Reproduce the whole listing that follows, character for character, and drop the images.

DATA IN THIS EXERCISE
□ □ □ □
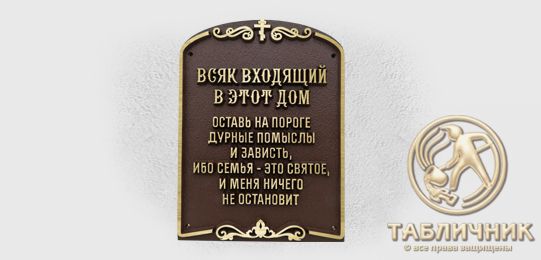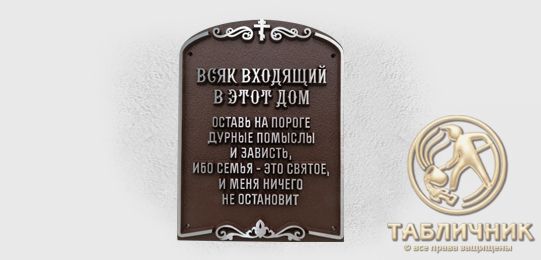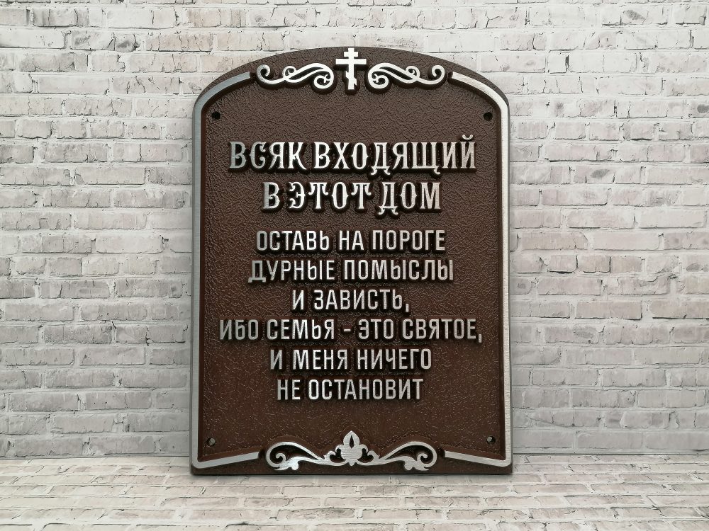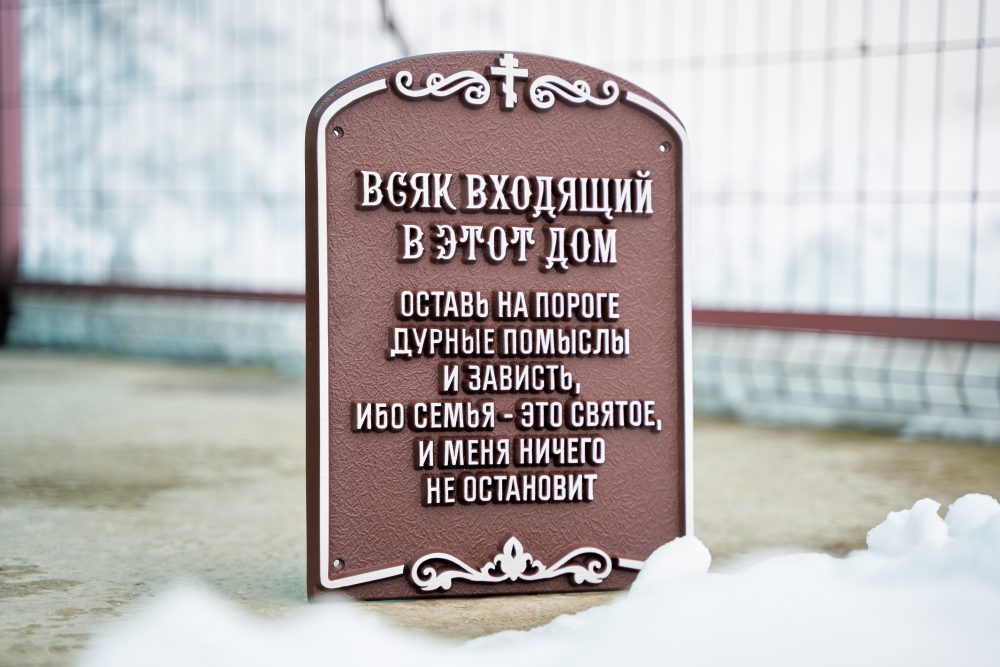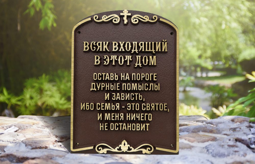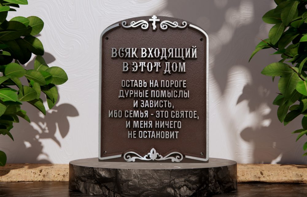В дизайне использован особый церковный шрифт с высокими и узкими буквами. Его дополняет минималистичный орнамент по краю. Табличка подойдёт и тем, кто серьёзно относится к оберегам, и просто верующим людям, которым по душе православная символика.
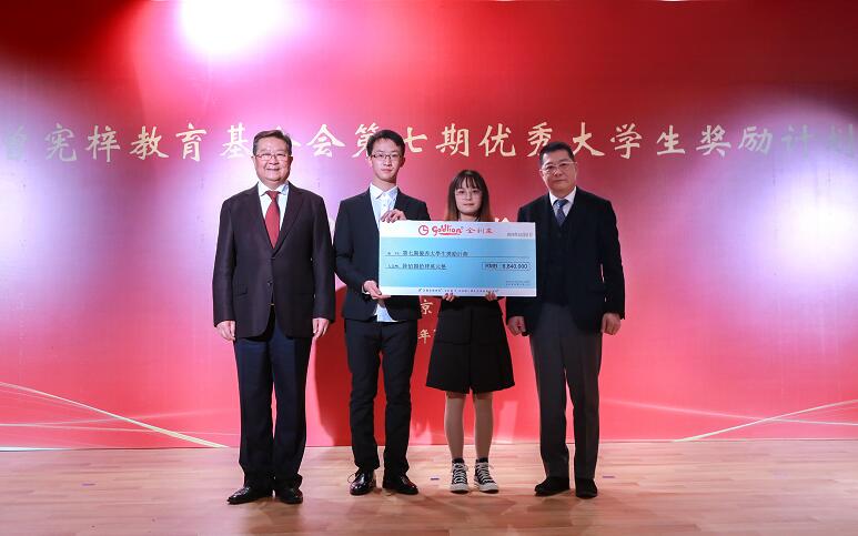 曾宪梓教育基金会理事长曾智明(右一),副理事长刘利民(左一)向优秀大学生代表颁发獎金。
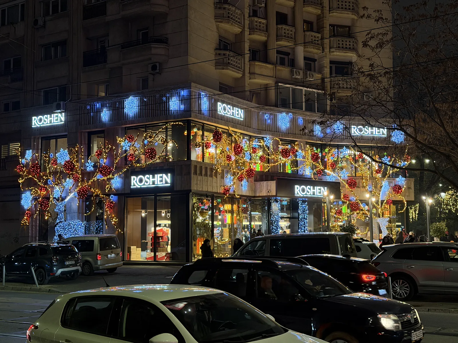 Bonus: magazinul Roschen din Piața Unirii este foarte frumos decorat și era plin de oameni care cumpărau bomboane:
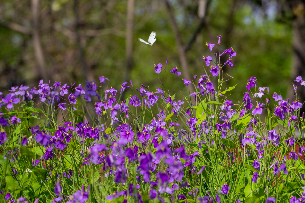 明孝陵景区内,二月兰正恣意生长,满眼都是清新淡雅的紫色花海;白马公园的彩色油菜花层层叠叠,绘就一幅春和景明的缤纷画卷。
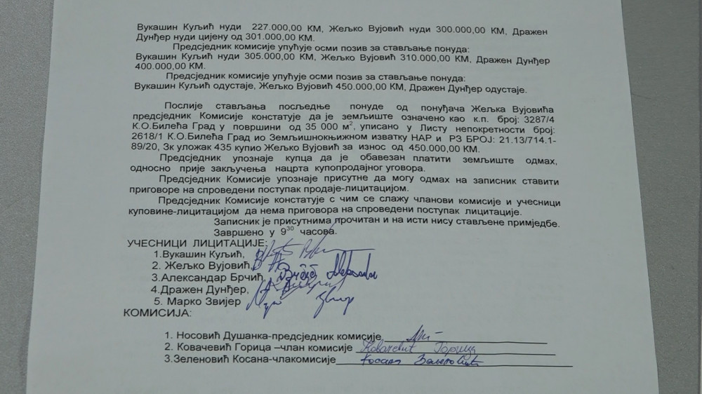 Radenko Popara načelnik Odjeljenja za prostorno uređenje i stambeno-komunalne poslove Opštine Bileća objašnjava da je do ovoga došla pošto Željko Vujović koji je izlicitirao najviši iznos za ponuđeno zemljište od 450.000KM nije sklopio ugovor i uplatio ovaj novac.
□ □ □ □
ANSWER
В дизайне использован особый церковный шрифт с высокими и узкими буквами. Его дополняет минималистичный орнамент по краю. Табличка подойдёт и тем, кто серьёзно относится к оберегам, и просто верующим людям, которым по душе православная символика.
 曾宪梓教育基金会理事长曾智明(右一),副理事长刘利民(左一)向优秀大学生代表颁发獎金。
 Bonus: magazinul Roschen din Piața Unirii este foarte frumos decorat și era plin de oameni care cumpărau bomboane:
 明孝陵景区内,二月兰正恣意生长,满眼都是清新淡雅的紫色花海;白马公园的彩色油菜花层层叠叠,绘就一幅春和景明的缤纷画卷。
 Radenko Popara načelnik Odjeljenja za prostorno uređenje i stambeno-komunalne poslove Opštine Bileća objašnjava da je do ovoga došla pošto Željko Vujović koji je izlicitirao najviši iznos za ponuđeno zemljište od 450.000KM nije sklopio ugovor i uplatio ovaj novac.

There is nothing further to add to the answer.